El Macondo africano

Por Ricardo Martínez Llorca

El Macondo africano. Javier Brandoli Manzano

Viajesalpasado. Madrid, 2015. 238 páginas

 

La ruta teológica

 

Si uno tuviera que establecer o sugerir la ciencia del viaje, como quien elabora una teología, el lugar más santo el macondo africanoseguramente fuera África. Queda, a su lado, la Ruta de la Seda o la Antártida y las grandes cumbres; también los viajes al sur, sobre todo a los mares del sur. Pero seguramente África sería el lugar designado para poblarlo de santos y profetas, de dioses coléricos, como los del Antiguo Testamento, o de un panteón de apariciones que sumarían infinito. Los sucesos que cabe calificar como milagros estarían a la orden del día y el panteón que los ampara se poblaría de santos y brujos, de profetas, inquisidores y beatos. Y también de ateos. Porque en los casos en que la teología eleva altares tan idealizados, la existencia de los ateos es parte de la fiesta. Ayudan a dar sentido a la magia de la ciencia teológica.

El sueño de grandeza de casi cualquier viajero es recorrer África. A ser posible a pie, o en un vehículo cuyo efecto semejara al de recorrer la tensa piel del continente a pie. O también la otra alternativa, la que aprendimos de Isak Dinessen, la de establecerse en África para poder llorar de melancolía cuando el destino nos haya separado de ella. De ahí que casi cualquier línea que se escriba sobre África, al menos si el autor no es un hombre de este continente, esté contaminada de los tiernos posos de un salmo. Cualquier representación de un viaje a África es una forma de teología. Y viajar es necesario, aunque sea a través de la experiencia de los otros, porque así daremos sentido a estos minerales comunes que se unen para dar forma a nuestro cuerpo, ese envase que detentaremos durante apenas un breve lapso de tiempo. Y dar sentido al tiempo también es una de las condiciones indispensables para enraizar una teología.

Javier Brandoli Manzano reconoce todo esto a lo largo de su periplo por África y, sobre todo, de su estancia en una isla de la costa de Mozambique. De ahí que le resulte imposible no asociar su condición a la de los personajes de las mejores obras del realismo mágico. Lo cual justifica el atractivo título de El Macondo africano que lleva el libro en que recopila una selección de sus experiencias. Escrito con pasión y con extrañeza, amando sin descanso su memoria, Javier lucha contra la tendencia inviable de la mirada neocolonial. La memoria es todo para él. Y en esa memoria él reconoce que pudo inventarse, pero que sin esa playa africana no habría sido capaz de inventarse con dignidad. “Aquella mañana me parecía que el mar desteñía sal mientras flotaban mascarones de almendra en sus aguas”. La imagen nos invita a acompañarle en el viaje en que “cada mañana recogía mis restos y cada noche los volvía a esparcir”. Y lo hacía allí donde habitan seres “cuya historia contarán los alacranes a las nutrias y las nutrias a las cigüeñas de pico amarillo”. Un lugar al mismo tiempo rudo, donde “la madurez se alcanza cuando descubres que nadie vendrá a alimentarte”.
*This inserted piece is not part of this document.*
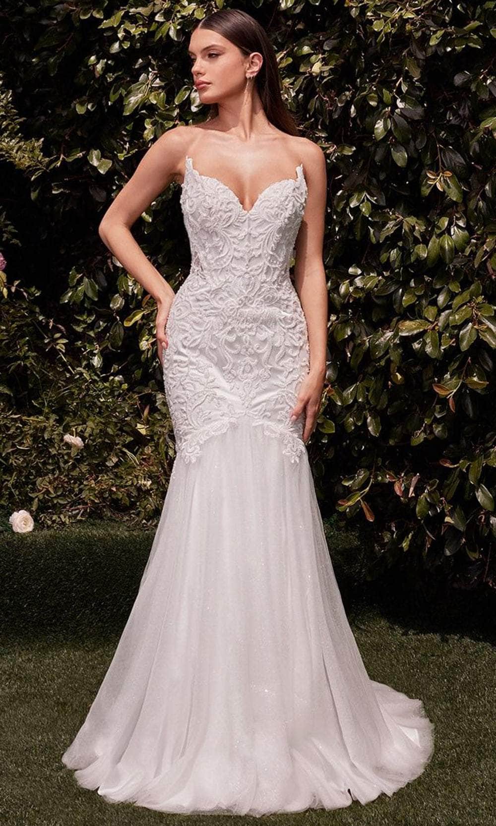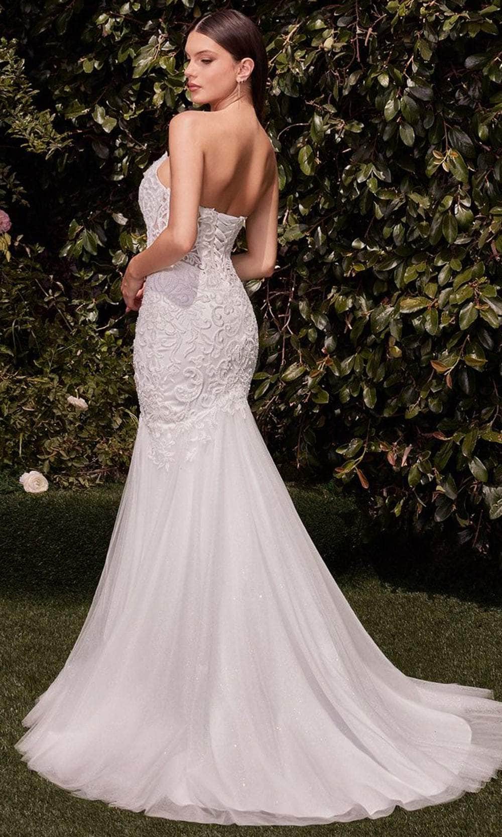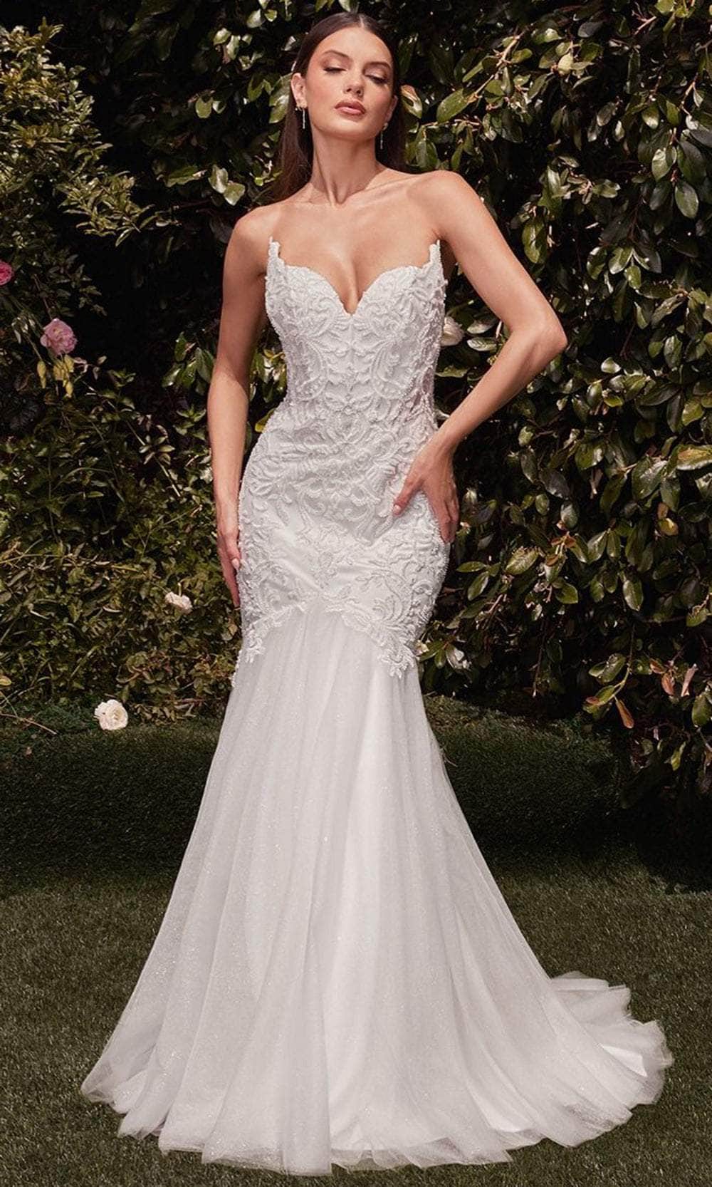 Create a perfect evening wearing this elegant Ladivine CDS482W bridal dress. Make them gather for your beauty as you wear this attire which showcases an endearing strapless sweetheart neckline on a fitted bodice. It also reveals a mid-open back that is enclosed by a lace for a graceful finish. Additionally, the top is wonderfully designed with appliques and embellishments, while the simple yet eye-catching mermaid dress showcases a fabulous sweep train. Show your sophisticated sense of style in this Ladivine CDS482W masterpiece. Model is wearing Off White color.

En el aliento del libro se reconoce también la derrota. O las derrotas. Porque existen mil variedades de derrota: la del compañero de trabajo en el hotel, la de la rata que vive en el zoo abandonado, la de la muerte al alcance de cada madrugada, incluso la de la amistad, la de las amistades. Posiblemente sea imposible elaborar una teología sin que en la amistad exista una derrota. Ese sentimiento, y no el del paternalismo mediático, es el que pretende transmitir Javier Brandoli en este libro, en este Macondo africano.